The music mostly made it; it is hummed across India still, and the movie remains the brightest star in Kapoor's nearly 50-year career. He was now up there with the top trio of Bollywood: Raj Kapoor, Dilip Kumar and Dev Anand. The westernised tone of the film captured the mood of youthful aspiration in 60s India: Kapoor wore leather jackets, T-shirts and a wardrobe of fine foreign garb. The film taught the rest of the Hindi movie industry that Indian teenagers were moving on, and that it should respond.
After Junglee he was everywhere, appearing as leading man in a ceaseless flow of rubber-stamp films in which bad man gets his comeuppance, hero saves girl before singing and dancing her into the sunset. They were what Bollywood did best, escapism for the masses. Kapoor had no illusions. He knew that a good deal of his films were nothing but silly fun and in old age made no attempt to excuse himself for it.
"The most wonderful thing about the films of my times was the innocence," he said. "Those were happy movies . . . hero meets heroine, chases her, sings seven or eight songs to impress her. I belong to the era when films were simple. They didn't tax your brains. My films, at least, were not thought-provoking. They were hardcore entertainers."
Most of Kapoor's hit songs were sung by somebody else, a professional singer called Mohammad Rafi, and his death was devastating both professionally and personally. "I lost my voice. I cried like hell."
Kapoor's modesty about his films extended to his own performances in them. He seemed to be proud of his gambolling, flamboyant manner of acting, but despite all the onscreen dancing he never truly mastered the art of dance.
"I never learned how to dance," he said. He once joined a dance school to learn tango, but gave it up after five lessons in which he "learned nothing". What he gave his dancing, he felt, was the appropriate physical expression to complement his songs.
In 1955 he met his first wife, Geeta Bali, on the set of a film in which she had a small role - she later became a well-known actress - but she died of smallpox while he was filming Teesri Manzil in 1965, leaving him to raise two children.
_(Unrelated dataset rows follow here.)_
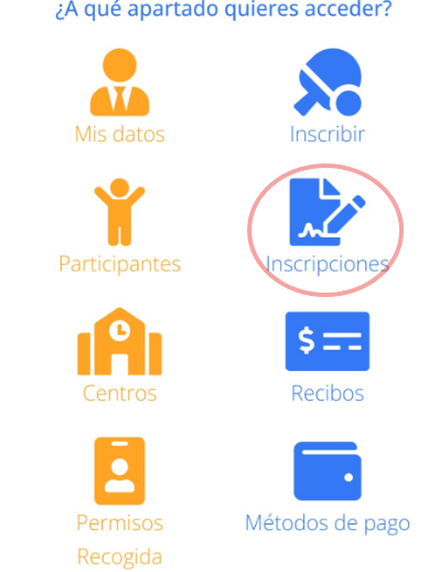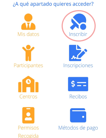 Accede a Extraescolares desde la app y después, selecciona la opción inscribir: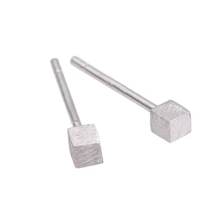 S999 Sterling Sier Simple Mini Brushed Tee-Dimensional Square Stud Earrings Korean Style Fresh Sweet Earrings Earrings Wholesale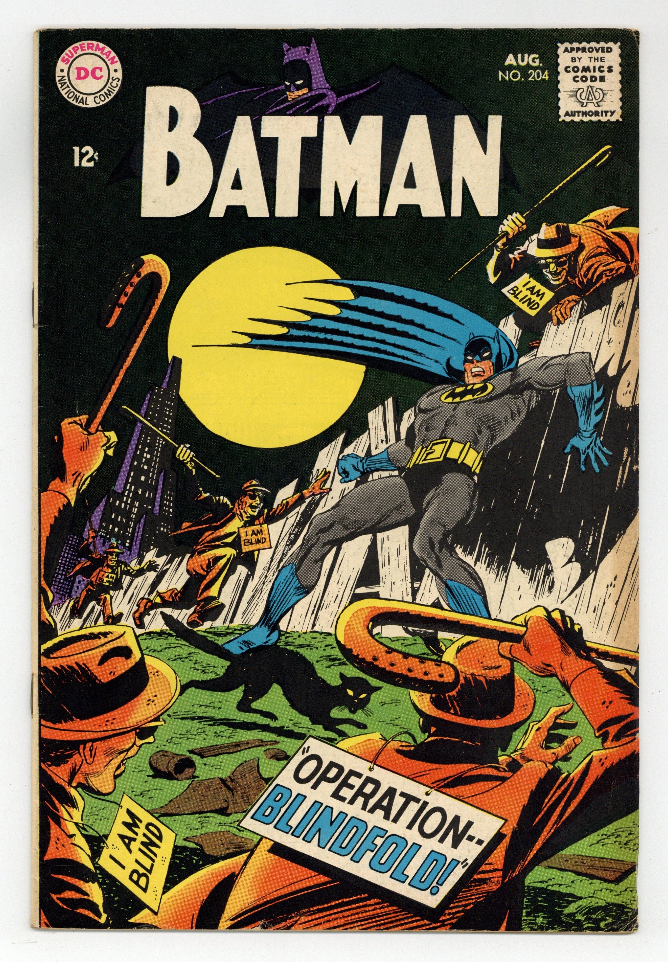 Cover art by Irv Novick. "Operation: Blindfold!", script by Frank Robbins, pencils by Irv Novick, inks by Joe Giella; An unscrupulous criminal named the Schemer kills an innocent blind man and plants evidence on him to lead Commissioner Gordon to believe that he is the Batman!; When the real Batman shows up on the scene, the Police arrest him, believing that he is a phony. Letters to the editor from Biljo White and Shel Dorf. 36 Pages, Full Color. Cover price $0.12.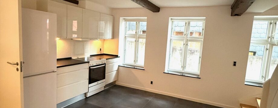 Nyrenoveret lejlighed midt i byen og med direkte adgang til det hyggelige torv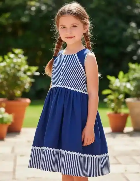 El vestido Marinero Azul para niña es la elección perfecta para cualquier ocasión casual o fiesta infantil. Su diseño sin mangas y cuello redondo proporciona comodidad y frescura, ideal para los días soleados. Confeccionado en una mezcla de lino y poliéster, este vestido es ligero y fácil de llevar, permitiendo que las más pequeñas se muevan con libertad. Su estilo colorido y divertido lo convierte en una prenda versátil que se puede combinar con diferentes accesorios. El largo corto del vestido añade un toque de alegría y dinamismo, perfecto para que las niñas luzcan encantadoras en cualquier evento. Este vestido es una opción ideal para las pequeñas que desean destacar con un look alegre y desenfadado. DISPONIBLE TALLA 4 ( recomendado para niñas de 3 a 4 años )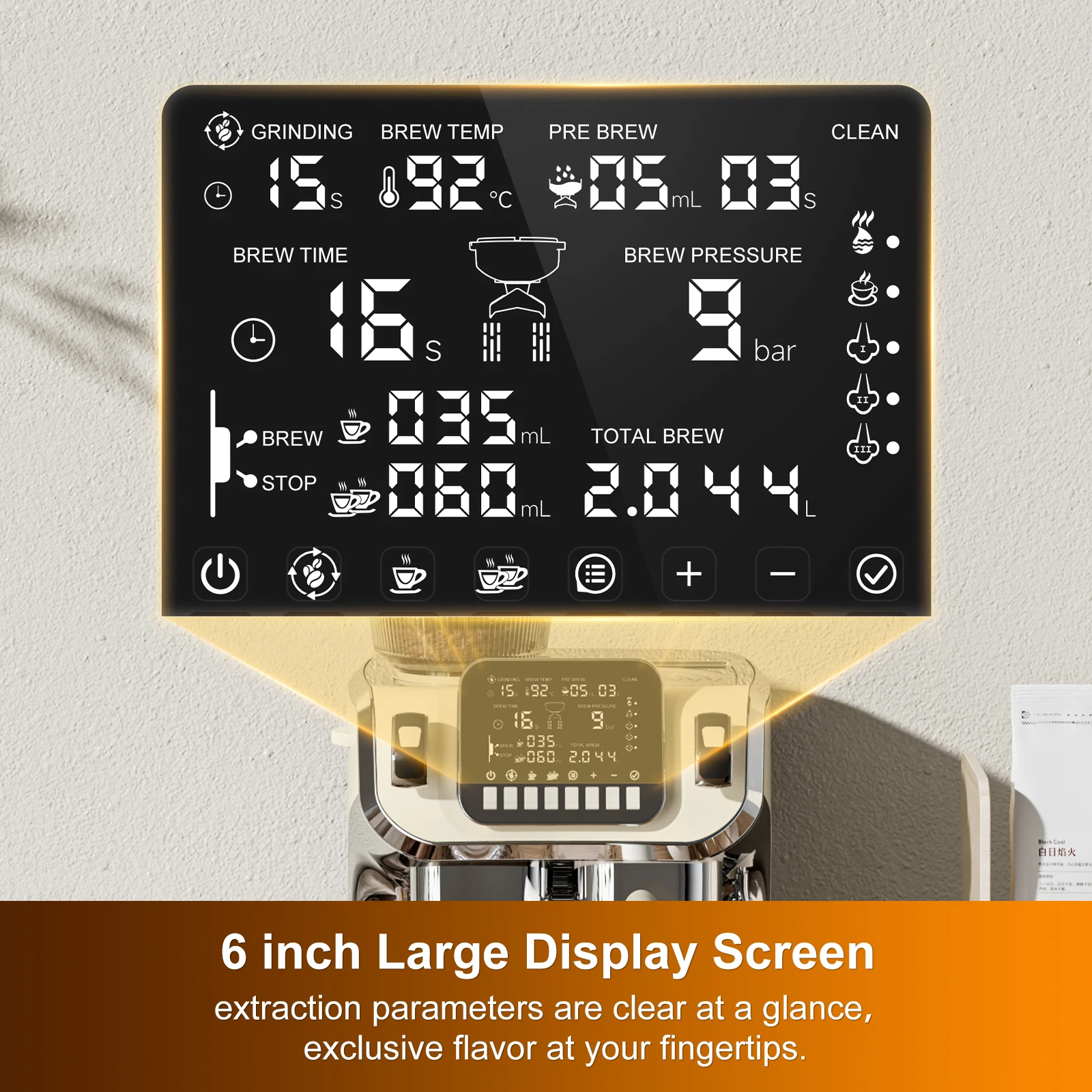 Полуавтоматическая кофемашина Mcilpoog TC520 с мельницей и пароваркой, 6-дюймовый большой дисплей, кофеварка для дома и офиса.

He was contractually obliged to continue filming with hardly a break, and remembered it all his life as a shattering experience.
His output in his 60s heyday was often predictably lightweight fodder for the poor, but he did throw a surprise with Brahmachari, playing to great acclaim a man looking after abandoned children. It was a box-office success and won him the Filmfare Award for best actor.
In 1971, now starting to look like an improbable heartthrob, he starred in a movie for the last time. Thereafter, he played character
roles, generally to good, or at least polite, reviews. Vidhata, Hero and Prem Rog were best received among a flow of otherwise mostly forgotten films.
Film was always in his life, from infancy to shortly before his death. He was born in Bombay (now Mumbai) but spent a good deal of his childhood in Calcutta (now Kolkata) where his father was making films with New Theatre Studios. He was 22 before he made his disastrous debut in Bollywood, and was about 70 when he finally retired to his great obsession: computers and the internet.
Several years ago he was invited to the opening of Yahoo!'s office in Mumbai, where Kapoor was told by the company's co-founder, Jerry Yang, that he had been inspired by Kapoor's Yahoo song in Junglee.
Underlining his interest in modern technology, he was an almost fanatical enthusiast for using Twitter and designed and updated his own fan club website. He founded the Internet Users Community of India and was a key figure behind the Ethical Hackers' Association. Kapoor is survived by his second wife, Neela, and a daughter and son from his first marriage.